Nokia (Maemo) - not really, it was more of a side project that worked pretty well for them and still would with such volumes as it got. They had a chance to turn it into something bigger, but waited for too long, playing internal battles between Maemo and Symbian teams, so eventually Microsoft came and pulled out the plug.

OpenMoko - not really, it was major mismanagement in other areas (and some poor luck) that killed it, but AFAIR production volume was actually being predicted quite well.

Firefox OS, Ubuntu Edge - sure.

Totally agree, Nokia had it in its hand to create a third option.

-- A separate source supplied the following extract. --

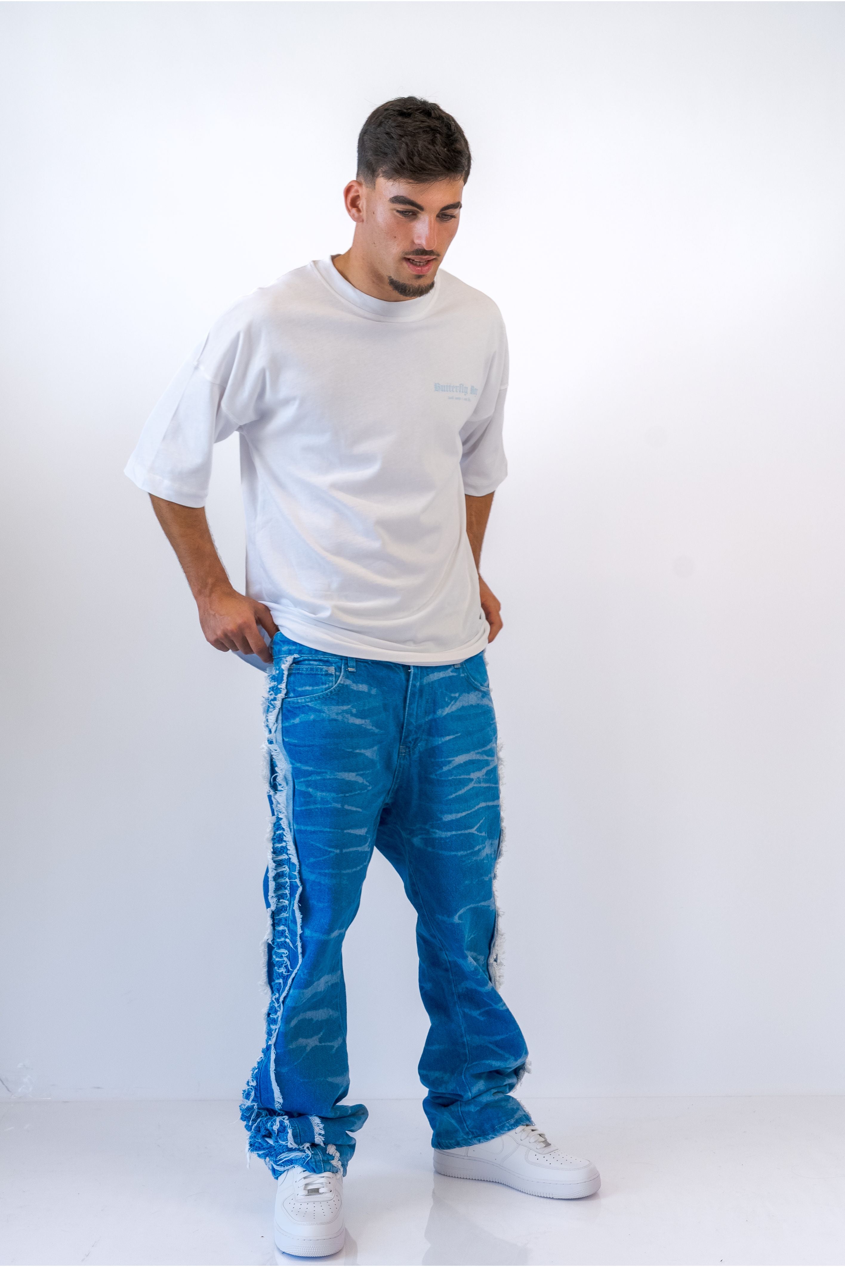 גינס בגזרת Flare בשילוב פרנזים תכלת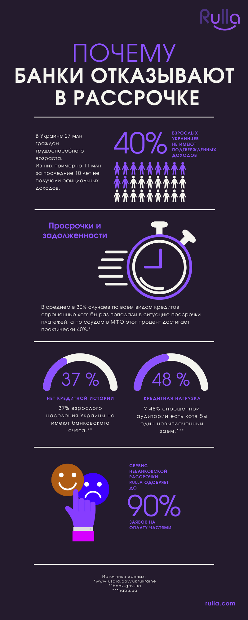 Сервис небанковской рассрочки от Rulla позволяет одобрять максимальное количество заявок, так как применяет принципиально иные методы оценки платежеспособности клиентов. Оплата частями от Rulla доступна держателю любой банковской карты в Украине. Оформление беспроцентной рассрочки при покупке у магазина-партнера Rulla происходит буквально в несколько кликов, не требует заполнения форм и предоставления дополнительной информации.

Nokia had lots of consumer good will, the N900 (and Maemo) was super well received specially by developers but it could even compete against Android for normal consumers as well.

They should have iterated on this with every flagship phone and push it to the cheaper phones as well.

I was so sad and angry when this never came together. They just spiraled out of control after that.

I think what's helping here is also gradual commoditization of mobile hardware components.
Almost a return to the 70s era of computer startups! I'm hopeful for their success.
I'm very happy with my Purism Libre 13. PureOS I don't care for, but Ubuntu Budgie runs like a dream and the hardware quality is great.